Coût économique énorme
Enfin, le quatrième domaine d’action, et non le moindre, consiste à mesurer les changements que subit la biodiversité « en mettant en place un cadre d’observation périodique et global », ajoute Mme Larigauderie. C’est le rôle dévolu au réseau GEO BON (Group on Earth Observations Biodiversity Observation Network), décidé en avril à Potsdam (Allemagne) et présenté dans la revue Science du 22 août. Il doit mettre en place des stations d’observations permanentes ou non sur tous les continents. Les données recueillies, jointes à celles fournies par les satellites, permettront de faire des modélisations et des prévisions sur l’avenir de la biodiversité.
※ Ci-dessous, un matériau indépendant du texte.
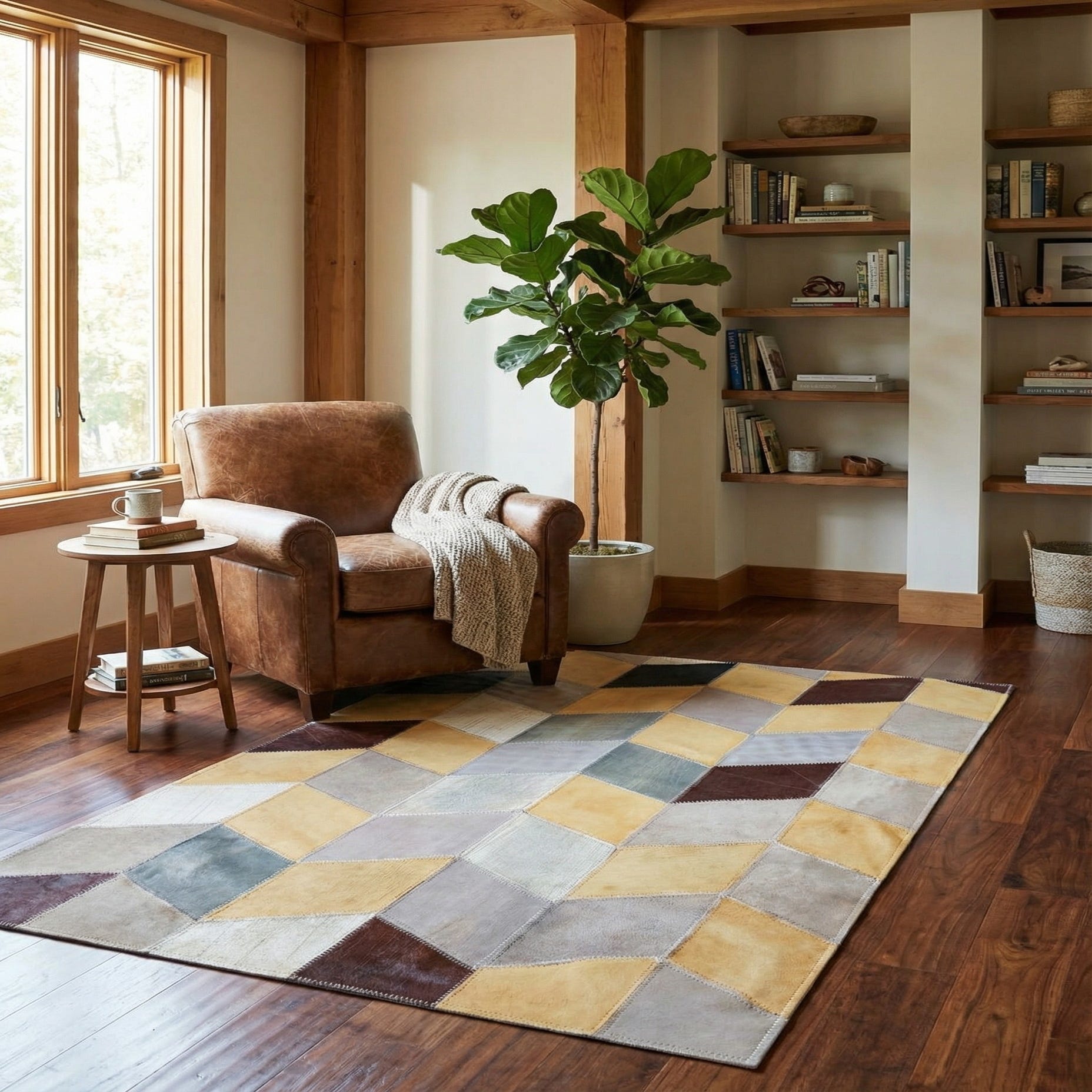 A 2x3 rectangular Cowhide Leather rug featuring a modern chevron pattern in multi-colored patches, perfect for an entryway.
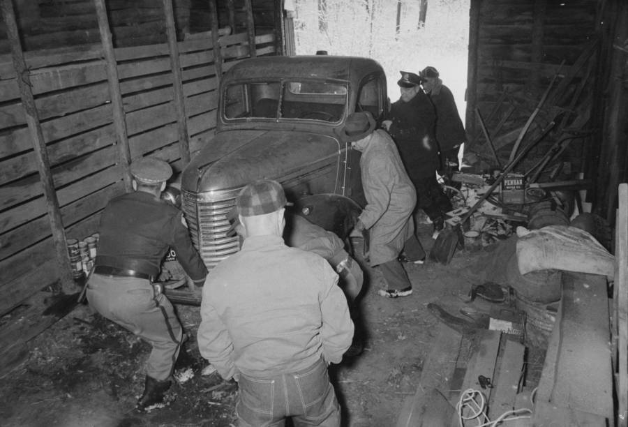 A nyomozók elmozdítanak egy autót, miközben további bizonyítékokat keresnek Ed Gein házában. 1957. november 20. - Forrás: Frank Scherschel/A LIFE képgyűjtemény/Getty Images
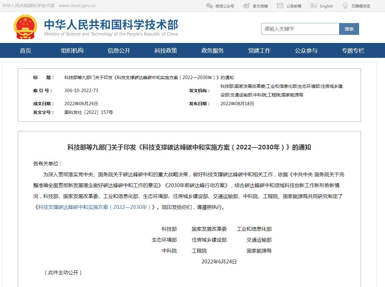 《科技支撑碳达峰碳中和实施方案(2022—2030年)》印发
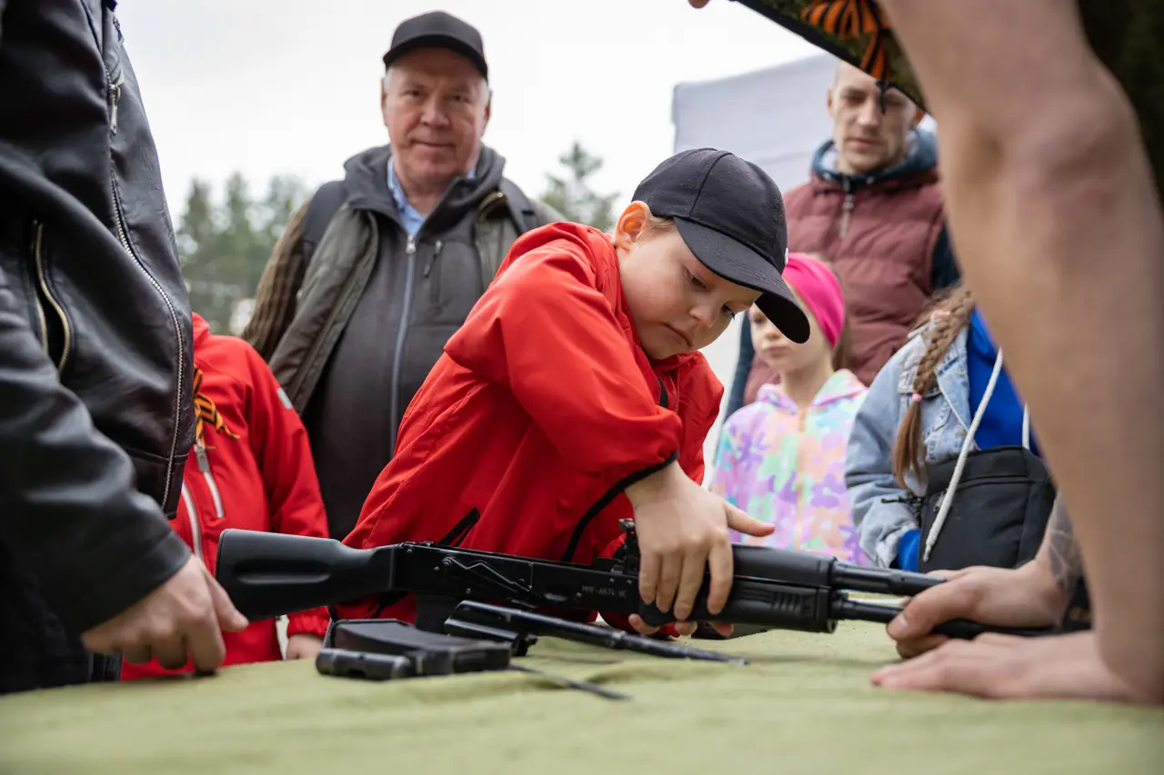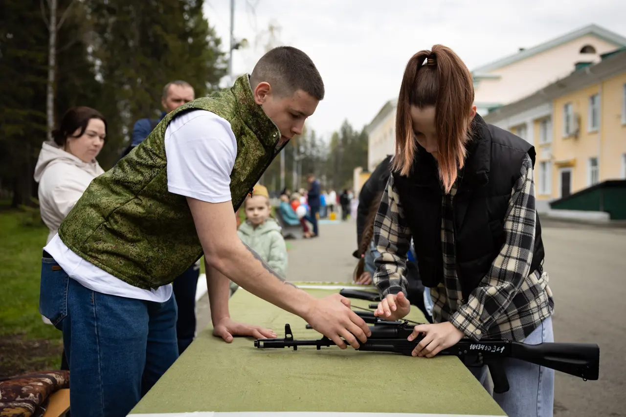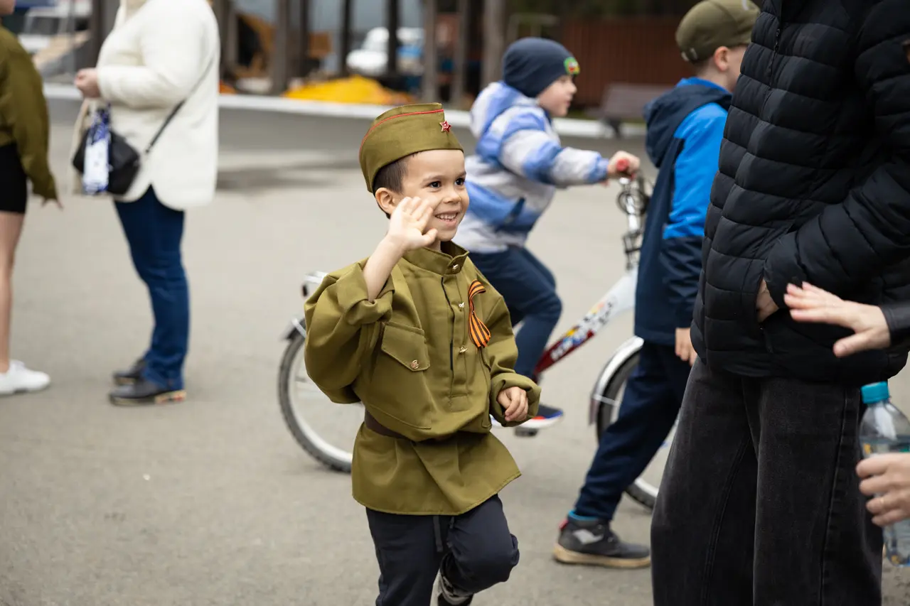 В День Победы у Дворца Культуры пели, собирали автомат и мастерили голубей мира

Le projet, étudié par la Nasa et Diversitas, sera finalisé en Roumanie à la fin de l’année, et sa mise en œuvre effective devrait avoir lieu fin 2009. Le coût de fonctionnement annuel de GEO BON est aujourd’hui estimé entre 200 et 500 millions d’euros.
Les initiatives sont donc nombreuses, et la tardive prise de conscience internationale est de plus en plus importante. D’autant qu’on commence à réaliser que l’appauvrissement biologique aurait un coût économique énorme, en raison des services nombreux et gratuits que rend la nature (nourriture, eau, médicaments, carburants, fibres textiles, pollinisation, etc.).
Chargé par l’Union européenne de faire une évaluation de cette perte, l’économiste indien Pavan Sukhdev, qui doit remettre son rapport en 2010, a déjà fourni une première estimation. Selon lui, la perte de biodiversité dans les seules zones forestières coûterait entre 1 350 et 3 100 milliards de dollars par an d’ici à 2050 si la déforestation continue au rythme actuel. « Une estimation prudente », dit-il.